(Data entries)

BEGIN

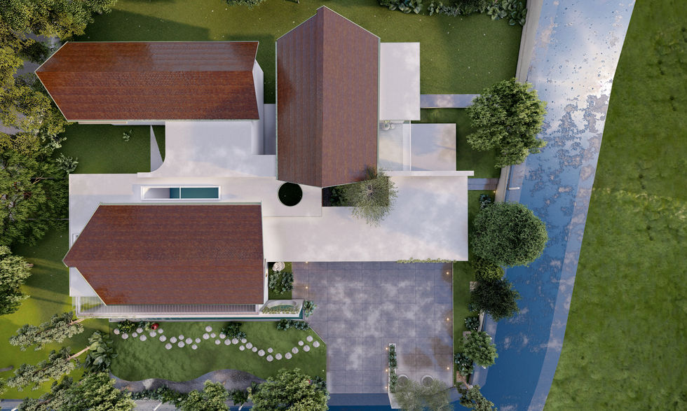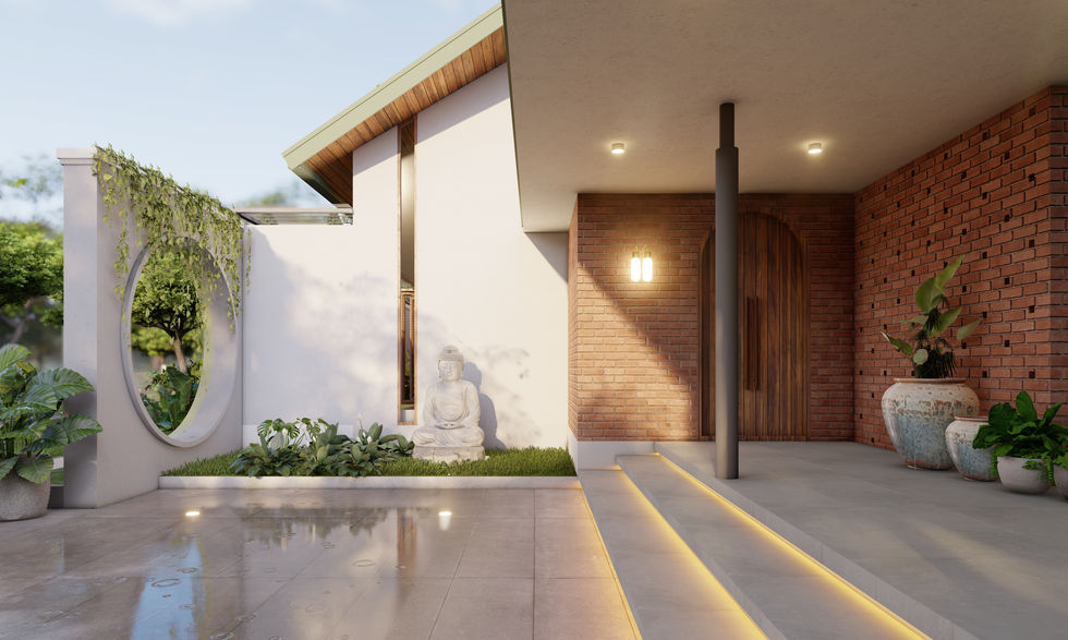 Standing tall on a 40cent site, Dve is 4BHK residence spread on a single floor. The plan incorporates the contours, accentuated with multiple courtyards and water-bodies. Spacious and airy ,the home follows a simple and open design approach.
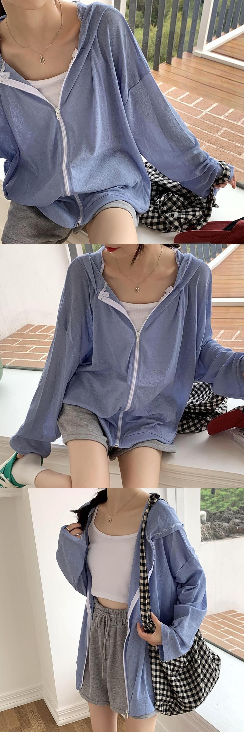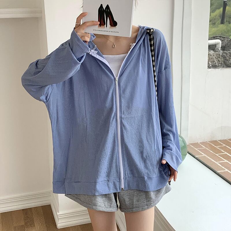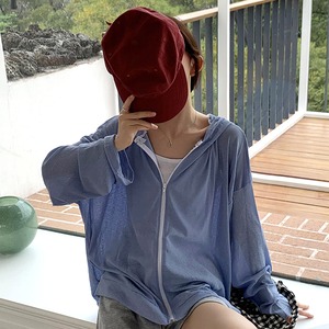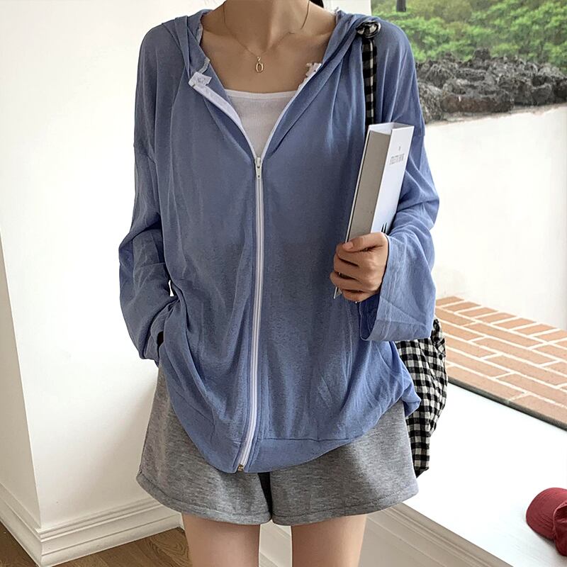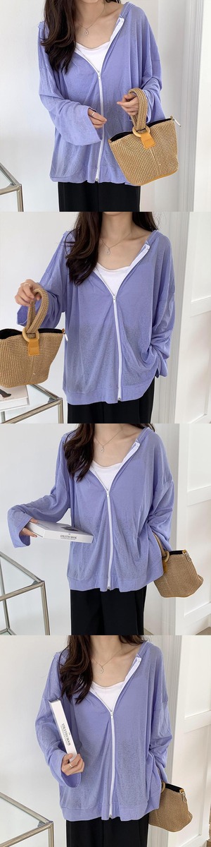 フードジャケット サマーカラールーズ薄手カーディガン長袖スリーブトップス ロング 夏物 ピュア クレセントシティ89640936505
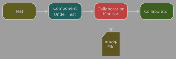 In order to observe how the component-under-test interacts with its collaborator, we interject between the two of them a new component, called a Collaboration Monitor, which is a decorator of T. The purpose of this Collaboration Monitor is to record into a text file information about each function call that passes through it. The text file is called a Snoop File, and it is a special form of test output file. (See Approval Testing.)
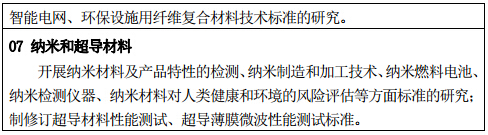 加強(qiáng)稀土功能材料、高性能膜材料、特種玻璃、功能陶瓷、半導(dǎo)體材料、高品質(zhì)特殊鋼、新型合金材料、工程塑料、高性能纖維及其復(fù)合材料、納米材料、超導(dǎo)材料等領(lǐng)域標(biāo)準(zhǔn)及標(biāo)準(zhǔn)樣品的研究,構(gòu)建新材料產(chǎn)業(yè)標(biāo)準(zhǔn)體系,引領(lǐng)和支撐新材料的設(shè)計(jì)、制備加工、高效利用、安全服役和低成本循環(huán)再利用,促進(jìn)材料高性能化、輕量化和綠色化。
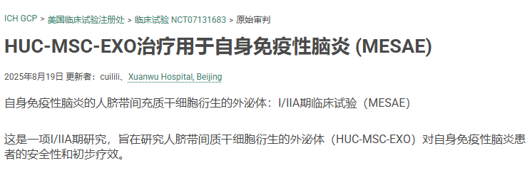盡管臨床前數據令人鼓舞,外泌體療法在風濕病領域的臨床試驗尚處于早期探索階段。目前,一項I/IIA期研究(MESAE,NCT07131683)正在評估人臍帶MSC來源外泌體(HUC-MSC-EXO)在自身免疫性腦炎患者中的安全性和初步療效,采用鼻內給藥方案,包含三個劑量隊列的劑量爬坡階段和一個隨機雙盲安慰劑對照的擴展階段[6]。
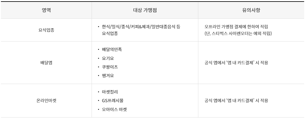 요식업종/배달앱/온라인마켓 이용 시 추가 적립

END
BEGIN

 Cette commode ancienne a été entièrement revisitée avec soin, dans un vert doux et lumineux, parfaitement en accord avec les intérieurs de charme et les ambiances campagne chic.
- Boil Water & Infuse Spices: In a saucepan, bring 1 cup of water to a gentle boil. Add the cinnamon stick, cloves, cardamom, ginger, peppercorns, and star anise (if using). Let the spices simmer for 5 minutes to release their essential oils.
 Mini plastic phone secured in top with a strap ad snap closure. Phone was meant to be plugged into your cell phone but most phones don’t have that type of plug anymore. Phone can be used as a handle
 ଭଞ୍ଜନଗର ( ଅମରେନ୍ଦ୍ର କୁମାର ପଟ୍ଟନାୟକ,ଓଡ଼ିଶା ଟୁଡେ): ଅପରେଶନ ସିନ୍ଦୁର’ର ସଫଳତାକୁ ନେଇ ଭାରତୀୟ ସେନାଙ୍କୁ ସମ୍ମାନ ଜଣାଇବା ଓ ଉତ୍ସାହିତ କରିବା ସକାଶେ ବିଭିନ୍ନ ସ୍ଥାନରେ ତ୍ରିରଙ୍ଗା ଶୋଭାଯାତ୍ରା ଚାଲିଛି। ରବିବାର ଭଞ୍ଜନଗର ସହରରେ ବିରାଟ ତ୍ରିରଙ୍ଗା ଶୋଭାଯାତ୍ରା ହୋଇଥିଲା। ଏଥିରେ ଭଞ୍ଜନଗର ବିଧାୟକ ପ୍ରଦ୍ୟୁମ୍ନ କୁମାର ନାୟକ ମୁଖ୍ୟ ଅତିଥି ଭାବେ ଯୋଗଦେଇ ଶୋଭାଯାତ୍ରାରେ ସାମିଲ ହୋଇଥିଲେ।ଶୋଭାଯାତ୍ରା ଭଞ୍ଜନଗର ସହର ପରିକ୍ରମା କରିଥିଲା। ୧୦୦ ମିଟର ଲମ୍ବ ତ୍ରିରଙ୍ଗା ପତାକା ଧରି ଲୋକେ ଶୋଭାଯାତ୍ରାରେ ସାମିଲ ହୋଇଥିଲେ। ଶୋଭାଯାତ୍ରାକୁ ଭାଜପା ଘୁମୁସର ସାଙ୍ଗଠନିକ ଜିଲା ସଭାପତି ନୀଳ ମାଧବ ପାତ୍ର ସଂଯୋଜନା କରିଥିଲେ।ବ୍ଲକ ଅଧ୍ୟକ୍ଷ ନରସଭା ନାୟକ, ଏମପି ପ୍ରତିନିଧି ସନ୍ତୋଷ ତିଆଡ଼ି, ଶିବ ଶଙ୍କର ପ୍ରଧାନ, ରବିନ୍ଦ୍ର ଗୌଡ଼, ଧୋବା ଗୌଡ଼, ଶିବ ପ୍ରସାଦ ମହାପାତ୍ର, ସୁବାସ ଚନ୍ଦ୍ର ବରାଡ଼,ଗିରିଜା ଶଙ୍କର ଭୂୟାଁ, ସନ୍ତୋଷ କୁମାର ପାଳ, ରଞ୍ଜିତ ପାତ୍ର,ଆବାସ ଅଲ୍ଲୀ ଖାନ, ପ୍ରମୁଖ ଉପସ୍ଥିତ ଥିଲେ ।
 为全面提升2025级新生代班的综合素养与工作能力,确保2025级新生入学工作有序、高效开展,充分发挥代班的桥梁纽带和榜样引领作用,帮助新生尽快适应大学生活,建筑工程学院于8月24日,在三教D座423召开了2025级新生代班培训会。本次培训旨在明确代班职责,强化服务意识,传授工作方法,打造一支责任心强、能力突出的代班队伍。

END

Using the entries above, repeat only the lines from the one containing "ଭଞ୍ଜନଗର ( ଅମରେନ୍ଦ୍ର" through the one containing "为全面提升2025级新生代班", end lines included.

__Answer to this task__:
 ଭଞ୍ଜନଗର ( ଅମରେନ୍ଦ୍ର କୁମାର ପଟ୍ଟନାୟକ,ଓଡ଼ିଶା ଟୁଡେ): ଅପରେଶନ ସିନ୍ଦୁର’ର ସଫଳତାକୁ ନେଇ ଭାରତୀୟ ସେନାଙ୍କୁ ସମ୍ମାନ ଜଣାଇବା ଓ ଉତ୍ସାହିତ କରିବା ସକାଶେ ବିଭିନ୍ନ ସ୍ଥାନରେ ତ୍ରିରଙ୍ଗା ଶୋଭାଯାତ୍ରା ଚାଲିଛି। ରବିବାର ଭଞ୍ଜନଗର ସହରରେ ବିରାଟ ତ୍ରିରଙ୍ଗା ଶୋଭାଯାତ୍ରା ହୋଇଥିଲା। ଏଥିରେ ଭଞ୍ଜନଗର ବିଧାୟକ ପ୍ରଦ୍ୟୁମ୍ନ କୁମାର ନାୟକ ମୁଖ୍ୟ ଅତିଥି ଭାବେ ଯୋଗଦେଇ ଶୋଭାଯାତ୍ରାରେ ସାମିଲ ହୋଇଥିଲେ।ଶୋଭାଯାତ୍ରା ଭଞ୍ଜନଗର ସହର ପରିକ୍ରମା କରିଥିଲା। ୧୦୦ ମିଟର ଲମ୍ବ ତ୍ରିରଙ୍ଗା ପତାକା ଧରି ଲୋକେ ଶୋଭାଯାତ୍ରାରେ ସାମିଲ ହୋଇଥିଲେ। ଶୋଭାଯାତ୍ରାକୁ ଭାଜପା ଘୁମୁସର ସାଙ୍ଗଠନିକ ଜିଲା ସଭାପତି ନୀଳ ମାଧବ ପାତ୍ର ସଂଯୋଜନା କରିଥିଲେ।ବ୍ଲକ ଅଧ୍ୟକ୍ଷ ନରସଭା ନାୟକ, ଏମପି ପ୍ରତିନିଧି ସନ୍ତୋଷ ତିଆଡ଼ି, ଶିବ ଶଙ୍କର ପ୍ରଧାନ, ରବିନ୍ଦ୍ର ଗୌଡ଼, ଧୋବା ଗୌଡ଼, ଶିବ ପ୍ରସାଦ ମହାପାତ୍ର, ସୁବାସ ଚନ୍ଦ୍ର ବରାଡ଼,ଗିରିଜା ଶଙ୍କର ଭୂୟାଁ, ସନ୍ତୋଷ କୁମାର ପାଳ, ରଞ୍ଜିତ ପାତ୍ର,ଆବାସ ଅଲ୍ଲୀ ଖାନ, ପ୍ରମୁଖ ଉପସ୍ଥିତ ଥିଲେ ।
 为全面提升2025级新生代班的综合素养与工作能力,确保2025级新生入学工作有序、高效开展,充分发挥代班的桥梁纽带和榜样引领作用,帮助新生尽快适应大学生活,建筑工程学院于8月24日,在三教D座423召开了2025级新生代班培训会。本次培训旨在明确代班职责,强化服务意识,传授工作方法,打造一支责任心强、能力突出的代班队伍。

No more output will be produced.